►
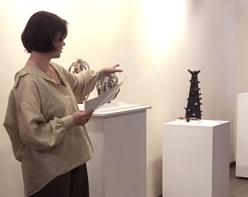 Содержание выставки раскрыла в авторской экскурсии Александра Владыкина. Представленные композиции – «Лёд», «Белая река», «Переплетения», «Первый снег», «Свет во тьме светит» и др. – вдохновлены природой. Ее мотивы проявляются в созданных предметах не прямо, а через формы, цвет, фактуры. Недаром выставке дан подзаголовок «Диалог природы и глины». Используя для создания художественных изделий простой природный материал, авторы призывают беречь планету. Эта идея выражена, например, в композиции-трансформере «Новая жизнь»: скульптуру в виде сухого дерева посетитель выставки может «оживить» цветами.
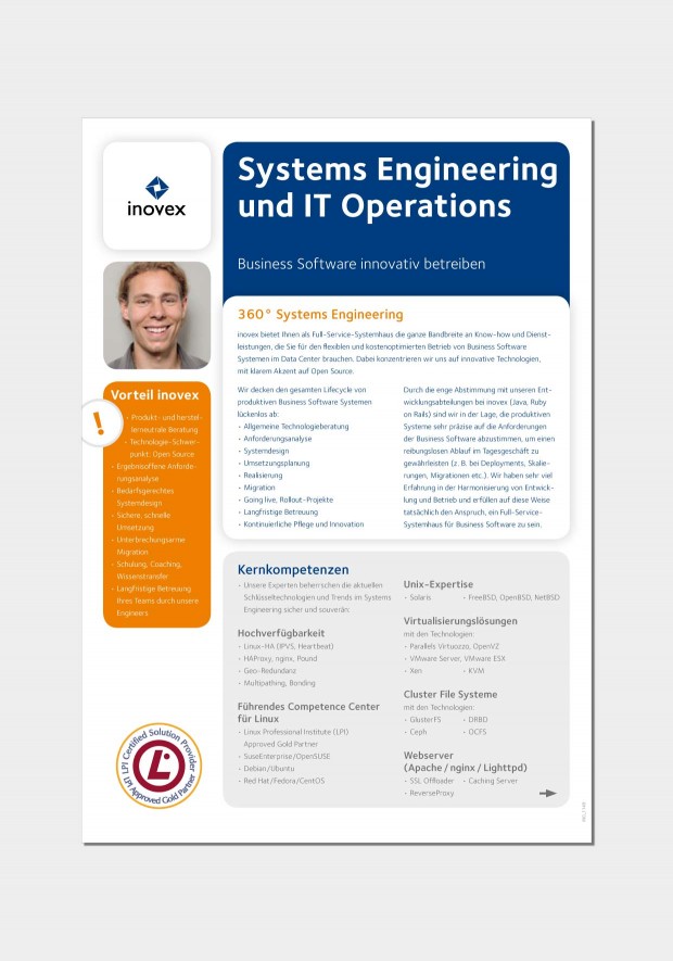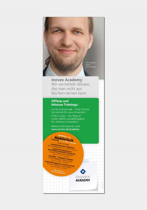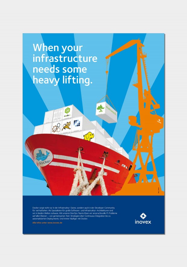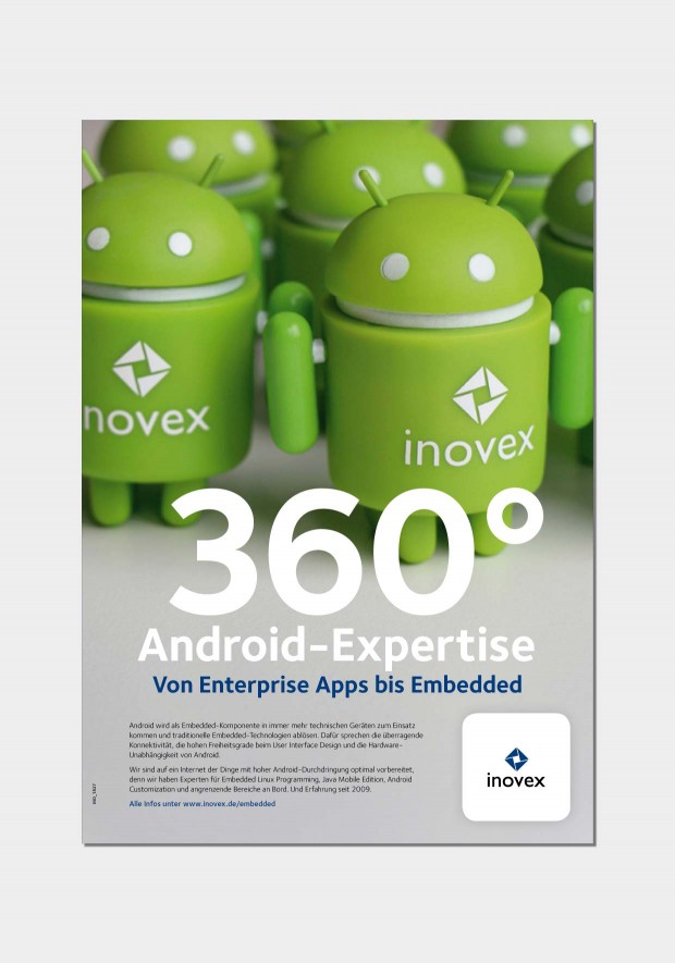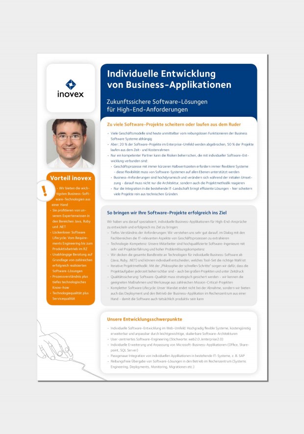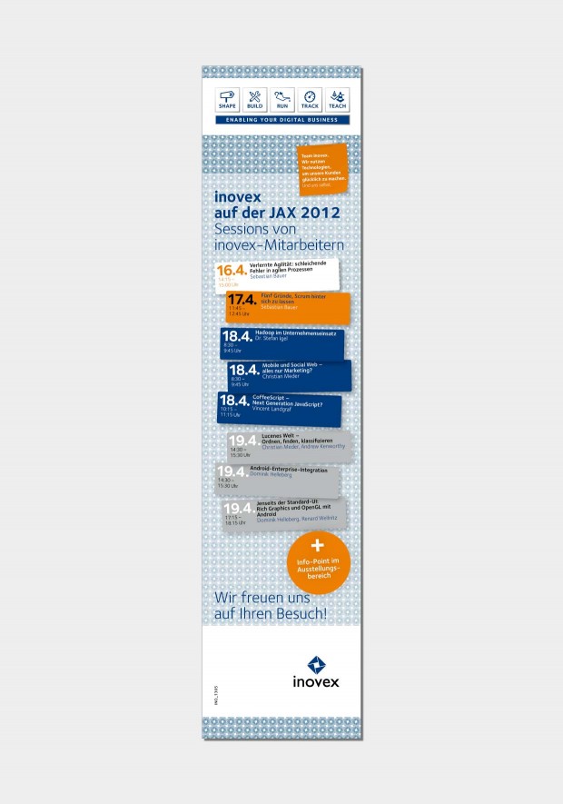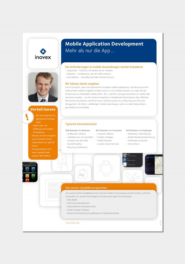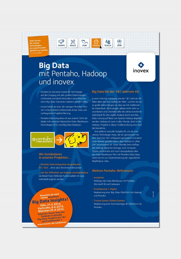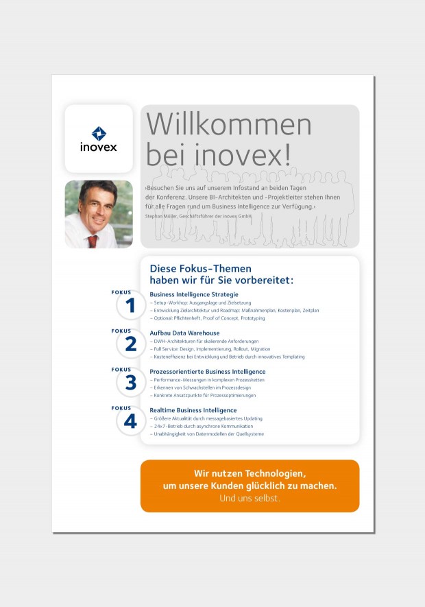 Wir unterstützen inovex seit 10 Jahren bei der Weiterentwicklung des Corporate Designs und erstellen Broschüren, Flyer, Anzeigen und allem was ein dynamisches Unternehmen wie inovex für die tägliche Kommunikationsarbeit benötigt.
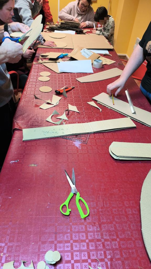 Quedamos venres e sábados, en xornadas de duro traballo, para que todo estivese listo: preparar a carroza, rematar disfraces, montar detalles e facer que cada elemento brillase no desfile.
◄
Required work: All of the material above is to be copied exactly, with no pictures.

Task answer:
 Содержание выставки раскрыла в авторской экскурсии Александра Владыкина. Представленные композиции – «Лёд», «Белая река», «Переплетения», «Первый снег», «Свет во тьме светит» и др. – вдохновлены природой. Ее мотивы проявляются в созданных предметах не прямо, а через формы, цвет, фактуры. Недаром выставке дан подзаголовок «Диалог природы и глины». Используя для создания художественных изделий простой природный материал, авторы призывают беречь планету. Эта идея выражена, например, в композиции-трансформере «Новая жизнь»: скульптуру в виде сухого дерева посетитель выставки может «оживить» цветами.
 Wir unterstützen inovex seit 10 Jahren bei der Weiterentwicklung des Corporate Designs und erstellen Broschüren, Flyer, Anzeigen und allem was ein dynamisches Unternehmen wie inovex für die tägliche Kommunikationsarbeit benötigt.
 Quedamos venres e sábados, en xornadas de duro traballo, para que todo estivese listo: preparar a carroza, rematar disfraces, montar detalles e facer que cada elemento brillase no desfile.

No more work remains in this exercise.